(WORK INSTRUCTION): Beneath this instruction is a block of data; output from it exactly the lines that run from the one containing "お得なつめかえ用。 頭も体もやさしく洗えるベビーソープ詰替え用がお得な2個セットに。 敏感な肌にやさしい弱酸性。" through the one containing "沿着恢弘的轴线漫步,修剪整齐", inclusive.
───── DATA ─────
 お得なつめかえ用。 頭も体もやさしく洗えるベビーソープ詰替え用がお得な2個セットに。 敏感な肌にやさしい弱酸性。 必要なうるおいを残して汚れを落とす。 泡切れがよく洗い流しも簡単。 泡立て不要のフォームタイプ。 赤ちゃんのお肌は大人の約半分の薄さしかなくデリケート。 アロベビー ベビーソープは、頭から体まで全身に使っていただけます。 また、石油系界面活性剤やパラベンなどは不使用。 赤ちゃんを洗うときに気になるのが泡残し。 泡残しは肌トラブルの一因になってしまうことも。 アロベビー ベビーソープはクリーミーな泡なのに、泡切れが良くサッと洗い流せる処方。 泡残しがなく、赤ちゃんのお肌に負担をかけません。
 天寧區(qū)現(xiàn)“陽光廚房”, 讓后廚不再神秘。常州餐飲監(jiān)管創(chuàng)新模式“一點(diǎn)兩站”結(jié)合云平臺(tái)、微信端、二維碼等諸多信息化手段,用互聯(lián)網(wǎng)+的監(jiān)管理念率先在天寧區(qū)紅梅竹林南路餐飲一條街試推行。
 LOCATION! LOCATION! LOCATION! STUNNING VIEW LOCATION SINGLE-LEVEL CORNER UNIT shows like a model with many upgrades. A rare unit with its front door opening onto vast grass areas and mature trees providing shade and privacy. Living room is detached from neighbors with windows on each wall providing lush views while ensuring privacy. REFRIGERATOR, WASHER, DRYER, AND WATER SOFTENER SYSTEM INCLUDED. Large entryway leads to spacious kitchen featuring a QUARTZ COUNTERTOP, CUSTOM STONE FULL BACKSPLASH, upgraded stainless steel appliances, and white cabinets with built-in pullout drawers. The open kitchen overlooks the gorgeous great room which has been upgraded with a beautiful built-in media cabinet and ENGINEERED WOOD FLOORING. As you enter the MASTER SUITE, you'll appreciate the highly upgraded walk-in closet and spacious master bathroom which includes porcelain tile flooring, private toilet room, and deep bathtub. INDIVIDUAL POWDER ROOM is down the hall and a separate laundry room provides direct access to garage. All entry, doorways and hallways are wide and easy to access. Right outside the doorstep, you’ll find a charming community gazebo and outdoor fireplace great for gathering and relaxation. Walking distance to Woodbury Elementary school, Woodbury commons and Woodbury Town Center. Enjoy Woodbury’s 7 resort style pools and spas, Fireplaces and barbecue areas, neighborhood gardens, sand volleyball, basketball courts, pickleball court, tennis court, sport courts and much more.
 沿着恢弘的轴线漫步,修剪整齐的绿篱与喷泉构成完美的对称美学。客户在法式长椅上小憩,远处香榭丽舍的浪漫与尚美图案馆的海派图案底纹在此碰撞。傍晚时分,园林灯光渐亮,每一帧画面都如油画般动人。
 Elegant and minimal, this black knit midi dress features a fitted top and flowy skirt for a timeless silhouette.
─────
───── DATA ─────
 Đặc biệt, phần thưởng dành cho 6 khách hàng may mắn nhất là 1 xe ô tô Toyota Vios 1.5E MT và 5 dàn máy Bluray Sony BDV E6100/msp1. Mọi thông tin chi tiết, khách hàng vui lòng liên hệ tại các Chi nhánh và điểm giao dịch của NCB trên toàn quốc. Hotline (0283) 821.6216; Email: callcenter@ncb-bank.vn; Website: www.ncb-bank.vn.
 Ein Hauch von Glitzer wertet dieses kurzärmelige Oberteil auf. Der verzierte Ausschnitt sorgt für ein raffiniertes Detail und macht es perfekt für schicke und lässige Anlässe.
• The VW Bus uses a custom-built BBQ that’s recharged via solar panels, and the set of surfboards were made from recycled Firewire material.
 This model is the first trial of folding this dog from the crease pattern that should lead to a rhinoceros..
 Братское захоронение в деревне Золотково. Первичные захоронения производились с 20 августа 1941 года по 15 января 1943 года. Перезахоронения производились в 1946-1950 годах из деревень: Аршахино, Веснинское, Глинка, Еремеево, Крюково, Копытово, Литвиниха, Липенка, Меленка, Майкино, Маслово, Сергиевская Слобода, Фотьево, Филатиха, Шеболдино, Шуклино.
─────
(SOLUTION FOR THIS EXERCISE):
 お得なつめかえ用。 頭も体もやさしく洗えるベビーソープ詰替え用がお得な2個セットに。 敏感な肌にやさしい弱酸性。 必要なうるおいを残して汚れを落とす。 泡切れがよく洗い流しも簡単。 泡立て不要のフォームタイプ。 赤ちゃんのお肌は大人の約半分の薄さしかなくデリケート。 アロベビー ベビーソープは、頭から体まで全身に使っていただけます。 また、石油系界面活性剤やパラベンなどは不使用。 赤ちゃんを洗うときに気になるのが泡残し。 泡残しは肌トラブルの一因になってしまうことも。 アロベビー ベビーソープはクリーミーな泡なのに、泡切れが良くサッと洗い流せる処方。 泡残しがなく、赤ちゃんのお肌に負担をかけません。
 天寧區(qū)現(xiàn)“陽光廚房”, 讓后廚不再神秘。常州餐飲監(jiān)管創(chuàng)新模式“一點(diǎn)兩站”結(jié)合云平臺(tái)、微信端、二維碼等諸多信息化手段,用互聯(lián)網(wǎng)+的監(jiān)管理念率先在天寧區(qū)紅梅竹林南路餐飲一條街試推行。
 LOCATION! LOCATION! LOCATION! STUNNING VIEW LOCATION SINGLE-LEVEL CORNER UNIT shows like a model with many upgrades. A rare unit with its front door opening onto vast grass areas and mature trees providing shade and privacy. Living room is detached from neighbors with windows on each wall providing lush views while ensuring privacy. REFRIGERATOR, WASHER, DRYER, AND WATER SOFTENER SYSTEM INCLUDED. Large entryway leads to spacious kitchen featuring a QUARTZ COUNTERTOP, CUSTOM STONE FULL BACKSPLASH, upgraded stainless steel appliances, and white cabinets with built-in pullout drawers. The open kitchen overlooks the gorgeous great room which has been upgraded with a beautiful built-in media cabinet and ENGINEERED WOOD FLOORING. As you enter the MASTER SUITE, you'll appreciate the highly upgraded walk-in closet and spacious master bathroom which includes porcelain tile flooring, private toilet room, and deep bathtub. INDIVIDUAL POWDER ROOM is down the hall and a separate laundry room provides direct access to garage. All entry, doorways and hallways are wide and easy to access. Right outside the doorstep, you’ll find a charming community gazebo and outdoor fireplace great for gathering and relaxation. Walking distance to Woodbury Elementary school, Woodbury commons and Woodbury Town Center. Enjoy Woodbury’s 7 resort style pools and spas, Fireplaces and barbecue areas, neighborhood gardens, sand volleyball, basketball courts, pickleball court, tennis court, sport courts and much more.
 沿着恢弘的轴线漫步,修剪整齐的绿篱与喷泉构成完美的对称美学。客户在法式长椅上小憩,远处香榭丽舍的浪漫与尚美图案馆的海派图案底纹在此碰撞。傍晚时分,园林灯光渐亮,每一帧画面都如油画般动人。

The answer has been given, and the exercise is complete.